Members automatically receive WhatsApp messages for expiry reminders through a 3-stage pipeline:

Cron Trigger → Background Job → Interakt API → Webhook Delivery Tracking

# Daily cron hits this endpoint
def send_expiry_whatsapp
  return head :unauthorized unless params[:token] == ENV['CRON_SECRET']

  MembershipExpiryWhatsappJob.perform_later(:expiring)
  MembershipExpiryWhatsappJob.perform_later(:expired)
end

Messages are tracked through their full lifecycle:

QUEUED → SENT → DELIVERED → READ (or FAILED)

5. Admin Dashboard

Single-screen overview: Active/Expiring/Expired counts, today's collections, due payments, inventory status — all preloaded in bulk to avoid N+1 queries:

def preload_members
  member_ids = @latest_subs.map(&:ms_member_id).uniq
  @members_map = MstMembersList
    .where(mmbr_compcode: @compcode, id: member_ids)
    .each_with_object({}) { |m, h| h[m.id.to_s] = m }
end

Challenges & Solutions

Challenge Solution
Biometric device sends raw punch data Built REST API with mapping, deduplication, and subscription validation
WhatsApp duplicate messages Check trn_whatsapp_logs before sending
Dashboard slow with 200+ members Bulk preloading with hash maps
Tracking message delivery Interakt webhook controller for real-time status
Multi-user access control Module-based permission system

Key Learnings

  1. Real business requirements are messy. Partial payments, expired members punching in, duplicate scans — you don't think about these in tutorials.

  2. Background jobs are essential. WhatsApp notifications can't block the request cycle.

  3. Audit logging is non-negotiable. When real money is involved, every action needs a trail.

  4. N+1 queries become real when you have 200+ members on a dashboard.

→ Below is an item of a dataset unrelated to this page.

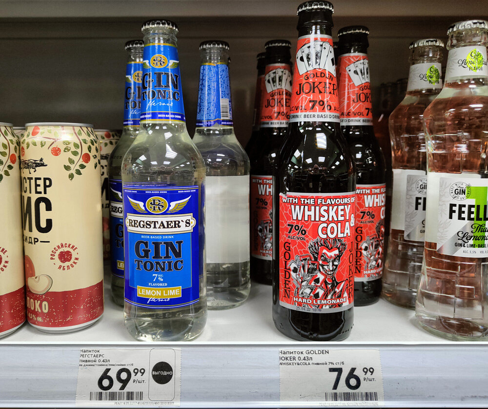 Лично мне ответ давно очевиден. Но я специально купил пару образцов в "Пятерочке", чтобы убить трех зайцев сразу. А именно: Оба напитка купил в той же "Пятерочке", где брал легкие белые вина для предыдущей дегустации. Выглядят они вполне привлекательно: Правда, состав и другие подробности написаны НЕ на контрэтикетке, как у приличных напитков, а вокруг горлышка предельно мелким шрифтом. Поэтому изучить подробно его удалось только дома. Смотрите сами: Лично я ожидал там увидеть спирт с водой и разными ароматизаторами. Но вместо спирта на этикетке внезапно обнаружилось пиво. Хотя его нет ни во вкусе, ни в аромате, ни в цвете. Вкус и аромат предельно химозные, но пиво не ощущалось нигде. Может, оно и к лучшему, но на джин-тоник это всё равно мало похоже. Заявленные на этикетки лимон и лайм так же не ощущались. А из чего же состоит "виски-кола"? Точнее, "золотой джокер с ароматом виски-колы", как написано на этикетке. Читаем: Оказывается, тоже из пива, воды и концентрированного яблочного

  5. External APIs need defensive coding. Always handle failures, log responses, and plan for timeouts.


What's Next

  • SMS fallback for members not on WhatsApp

  • Member-facing mobile view for self-service

  • Revenue analytics and trend reports

  • Online payment collection


Final Thoughts

Building Spine Fitness taught me that production software for a real business is fundamentally different from side projects. The requirements come from real workflows, bugs have real consequences, and watching a gym owner ditch their notebooks for your app is incredibly satisfying.

If you're looking to build something meaningful with Rails, start by finding a real problem around you. The best portfolio projects are the ones that actually get used.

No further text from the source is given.